Da zu einem Leben nach ethischen Prinzipien immer auch persönliche Integrität gehört, liegt es nahe, sich mit Menschen zu beschäftigen, deren Leben und Wirken Impulse für das eigene Denken und Handeln geben kann.
Literatur, insbesondere Biographien, stellen eine unerschöpfliche Quelle dafür dar, bei der das ernsthafte Anliegen mit Lesevergnügen verbunden ist.
Wir konnten die Autorin Margot Greiner für eine Lesung zu ihrem neuen Buch "Auf Freiheit zugeschnitten" gewinnen und erlebten einen eindrucksvollen Abend mit unseren Gästen.
Vor und nach der Lesung gab es Gelegenheit, sich am Büchertisch der Buchhandlung Osiander umfassend zu informieren und das eigene Buch signieren zu lassen.

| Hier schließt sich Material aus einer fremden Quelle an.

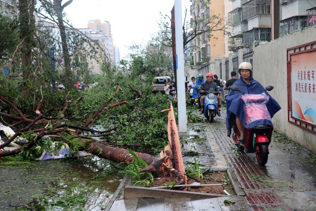 2024年9月7日,海口,一棵大树被“摩羯”从根部“斩断”。 视觉中国 图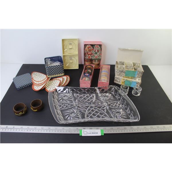 Paper Cup Coasters - Wooden Napkin Rings - (12 Pinwheel Crystal Napkin Rings - Pinwheel Crystal Divided Plate (has chips)

Neugier und das Interesse am literarischen Werk einer zeitgenössischen Schriftstellerin führt ca 60 Gäste zu den Freimaurerinnen und an einen, für viele von ihnen, unbekannten Ort.An einen besonderen Ort: in das älteste sakrale Gebäude Reutlingens, eine ehemalige Marienkapelle.
An diesem Ort kann man durch die Architektur der Gotik die Symbolik des Bauens und die „Symbolik des Lichts" als ein Bild für aufgeklärtes Denken mit allen Sinnen erleben - beides zentrale Bezüge freimaurerischen Arbeitens. Das aufstrebende Kreuzgewölbe erinnert daran, dass auch zur Freiheit der Gedanken eine kühne Konstruktion notwendig ist, die häufig nur als revolutionäre Tat gegenüber herrschenden Dogmen und Gesetzen zu verwirklichen war - und ist.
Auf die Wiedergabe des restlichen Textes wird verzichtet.